The film is based on Shrikanth Murthy’s The Last Hurrah, inspired by the real-life story of chess player Kolavennu Venkatesh who, helped by his mother K Sujatha, petitioned for euthanasia so that he could donate his organs. Venkatesh suffered from Duchenne Muscular Dystrophy, which causes muscle degeneration and eventually leads to death. He wanted to donate his organs while they were viable to be harvested. 

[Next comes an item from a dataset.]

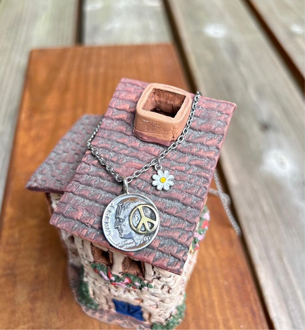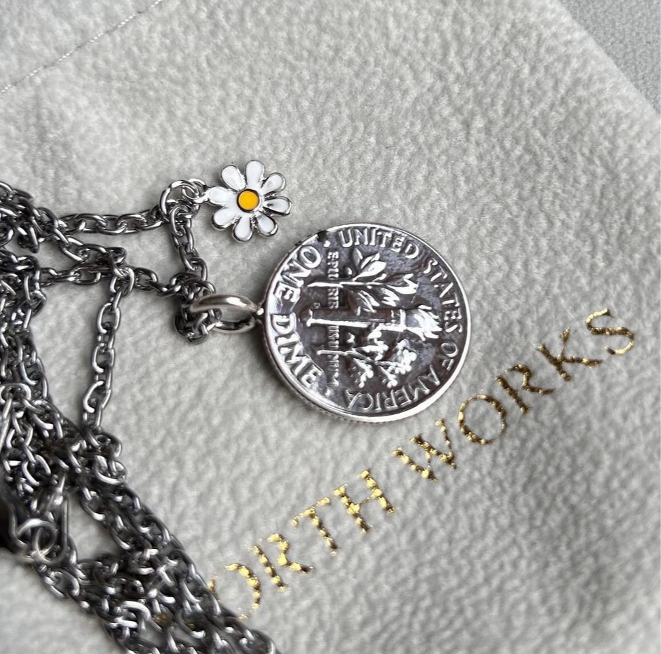 [North Works] Daisy Smiley Necklace / Pendant- 10¢Silver vintage coin handmade Necklace
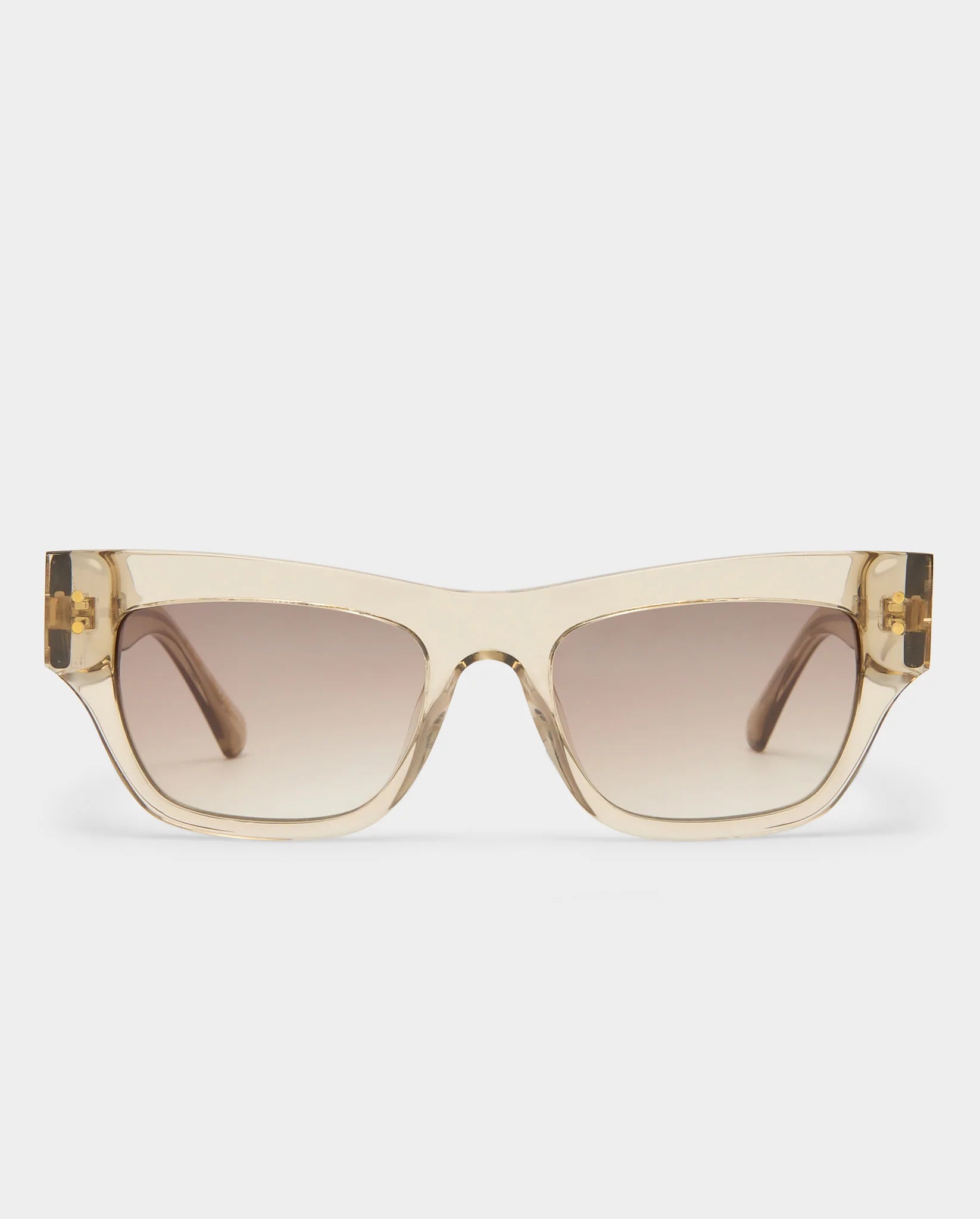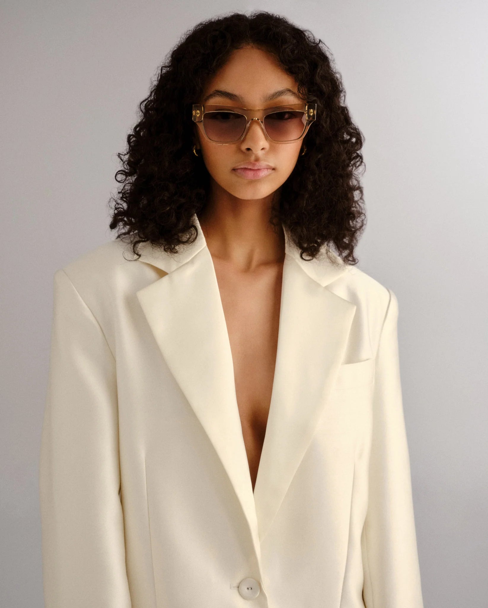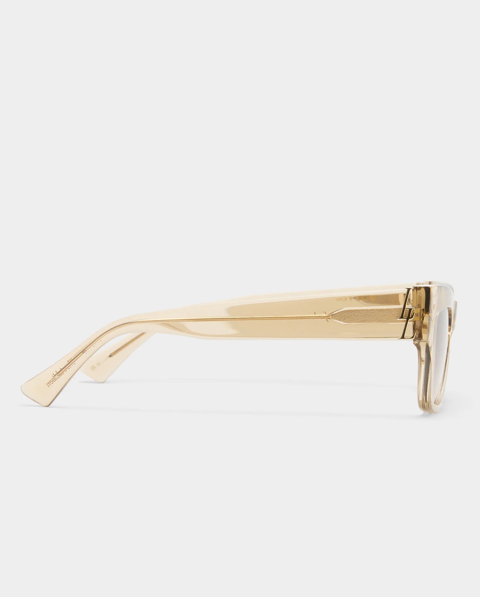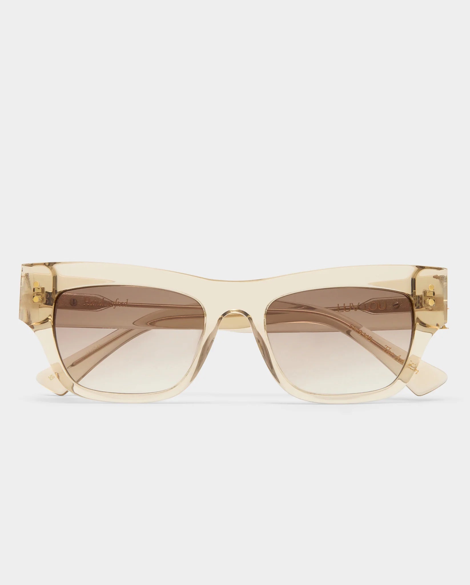 The Addison is a classic elevated wayfarer shape, which is effortless and chic in its design. Handcrafted with premium crystal latte acetate and a brown gradient lens. This style features a thick temple arm with signature gold initial detailing enhancing its luxe finish.

The Venky of the film is a happy, Bollywood-loving, chess-playing youngster who has a film dialogue for every occasion. The first half, rather elaborately, introduces us to the characters and their dynamics. His equation with his doctor (Rajeev Khandelwal), nurse (Mala Parvathi), sister (Ridhi Kumar), sweetheart (Aneet Padda), and even spiritual guide (Ananth Mahadevan) are all explored… but does the audience need to know the arc of every relationship? The script by Sammeer Arora and Kausar Munir seems all over the place, distractingly, and melodramatically so in the first half. 

The second half makes up for the first when we see more characters come in and the action picks up pace. Sujatha files a case seeking euthanasia on behalf of her son — it is his ‘last wish’. Rahul Bose is the lawyer Parvez who takes on a case knowing that he will, most likely, lose.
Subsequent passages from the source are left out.